Can anyone suggest, what I am doing wrong?

Here is the traceback: ()

File "<ipython-input-125-080466b19e66>", line 1, in <module>
    runfile('/home/saurabh/Documents/power_predict.py', wdir='/home/saurabh/Documents')

  File "/home/saurabh/anaconda2/lib/python2.7/site-packages/spyder/utils/site/sitecustomize.py", line 705, in runfile
    execfile(filename, namespace)

  File "/home/saurabh/anaconda2/lib/python2.7/site-packages/spyder/utils/site/sitecustomize.py", line 94, in execfile
    builtins.execfile(filename, *where)

  File "/home/saurabh/Documents/power_predict.py", line 73, in <module>
    y_pred = model(X_train_)

  File "/home/saurabh/anaconda2/lib/python2.7/site-packages/torch/nn/modules/module.py", line 357, in __call__
    result = self.forward(*input, **kwargs)

  File "/home/saurabh/anaconda2/lib/python2.7/site-packages/torch/nn/modules/container.py", line 67, in forward
    input = module(input)

  File "/home/saurabh/anaconda2/lib/python2.7/site-packages/torch/nn/modules/module.py", line 357, in __call__
    result = self.forward(*input, **kwargs)

  File "/home/saurabh/anaconda2/lib/python2.7/site-packages/torch/nn/modules/linear.py", line 55, in forward
    return F.linear(input, self.weight, self.bias)

  File "/home/saurabh/anaconda2/lib/python2.7/site-packages/torch/nn/functional.py", line 833, in linear
    if input.dim() == 2 and bias is not None:

AttributeError: 'tuple' object has no attribute 'dim'

LSTM outputs a tuple containing output and hidden state.
Your second Linear layer tries to take this tuple as input.

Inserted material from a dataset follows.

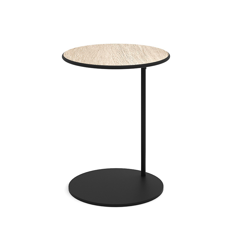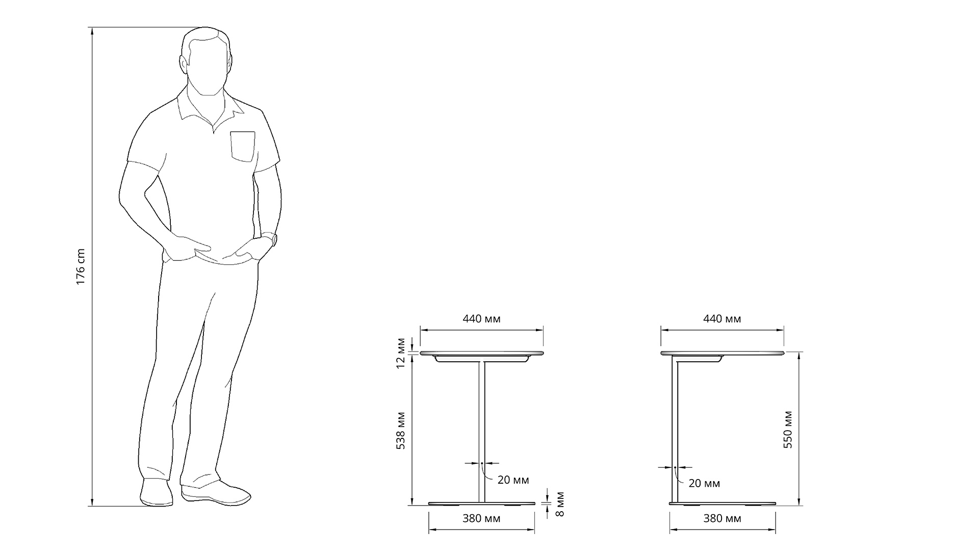 Столешница выполнена из компакт-плиты, обладающей высокой устойчивостью к влаге, механическим повреждениям и термическим воздействиям, а утонченная металлическая ножка и основание придают конструкции устойчивость.

Thanks for the reply @jpeg729.
So to solve that issue, I need to index out the LSTM first output and feed it to the second layer, while I am moving forward in the network,
but how can I do with the model(X_train_) directly ? as I, can’t do anything with the model declaration, as indexing with in the model declaration is not allowed.

You can’t do it with nn.Sequential, but you can do it by subclassing nn.Module and writing a custom .forward method as shown in many tutorials.